When the ambient temperature exceeds the limits of this zone, specific measures are required, such as providing extra feed energy when it’s cold or facilitating heat loss (shade, shower) when it’s hot. The thermal comfort zone thus reflects the balance between energy needs and environmental constraints specific to each horse.
Adaptation mechanisms
Horses have physiological, behavioural and evolutionary mechanisms for maintaining their thermal balance in a cold environment. These adaptations take place over different time scales.
In the immediate response to cold, shivering is an aerobic muscular reflex, multiplying the metabolism by 4 to 5 and producing heat via the oxidation of sugars and fatty acids. Conversely, intense muscular effort, which requires more energy (25-fold increase), generates a rapid rise in body temperature. However, its duration is limited because of the build-up of lactic acid. Piloerection increases coat thickness by 30%, improving thermal insulation by trapping air. Peripheral vasoconstriction reduces heat loss by concentrating blood flow towards the central organs, lowering the temperature of the extremities and limiting the risk of freezing.

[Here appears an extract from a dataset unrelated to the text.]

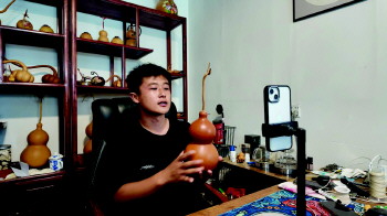 “2018年上大学期间,我开始在自媒体平台尝试发布关于家乡葫芦的宣传视频。大学三年一直坚持宣传,到2021年积累了12万粉丝。”郝学坤说。
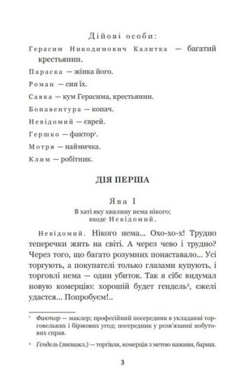 У комедії «Сто тисяч» І. Карпенко-Карий висміює хазяїв, для яких багатство стало метою всього життя, а не засобом для існування. Такі люди ладні продати все на світі, навіть щастя власних дітей, аби тільки збільшувати маєтки. Ганяючись за прибутками, Герасим Калитка стає жертвою шахраїв, що грають на його жадобі та отримують від цього великий визиск.

Over a longer period, progressive adaptations occur. Horses reduce their activity to save energy, adjust the density of their coat and redistribute subcutaneous adipose tissue to improve insulation. A sudden drop in ambient temperature stimulates an increase in feed intake, promoting thermogenesis.
Over the long term, horses in cold climates have acquired morphological characteristics such as a compact body, short extremities, a dense, waterproof coat and an even layer of fat. These traits reduce heat loss and optimise heat production. In addition, an increased proportion of slow muscle fibres enables continuous heat production through moderate and prolonged contractions.
These mechanisms illustrate the effectiveness of horses in adapting to the cold, but require appropriate environmental and dietary conditions to optimise their survival and comfort.
Thermoregulation and the sport horse
Thermoregulation plays an essential role in the horse’s sporting performance. It enables the horse to maintain thermal balance in the face of the intense heat production generated by exercise. During exercise, muscle thermogenesis is significant: only 20-25% of the energy expended is converted into mechanical work, while 75-80% is dissipated in the form of heat. This production can be up to 60 times greater than at rest. The result is an increase in body temperature of 3 to 4°C in just a few minutes.
Heat dissipation is based mainly on two mechanisms: sensible losses and latent losses. Sensitive losses include :
- Conduction: heat transfer between the body and a surface in contact, limited in horses.
- Convection: heat transfer with the ambient air, increased by wind but reduced by a thick coat.
- Radiation: heat emission in the form of infrared radiation.
Latent losses, the majority of which occur through :
- Transpiration: the main process, accounting for 65% of total heat loss. Equine sweat, rich in glycoproteins, promotes evaporation and cooling efficiency.
- Thermal polypnoea: dissipation through evaporation of water from the respiratory mucosa, contributing to 30% of heat loss.
These mechanisms help to limit hyperthermia, but require significant dehydration. It is estimated that 10 to 15 litres of water are lost per hour during intense exercise, as well as electrolyte imbalances. Sweat leads to losses of sodium, potassium and chlorine, impacting muscle and nerve functions.
Training improves thermoregulatory capacity: faster, more efficient sweating limits heat build-up. However, extreme environmental conditions, such as high heat or humidity, complicate these processes. Appropriate management, including hydration and electrolyte supplements, is essential to optimise performance and prevent metabolic disorders.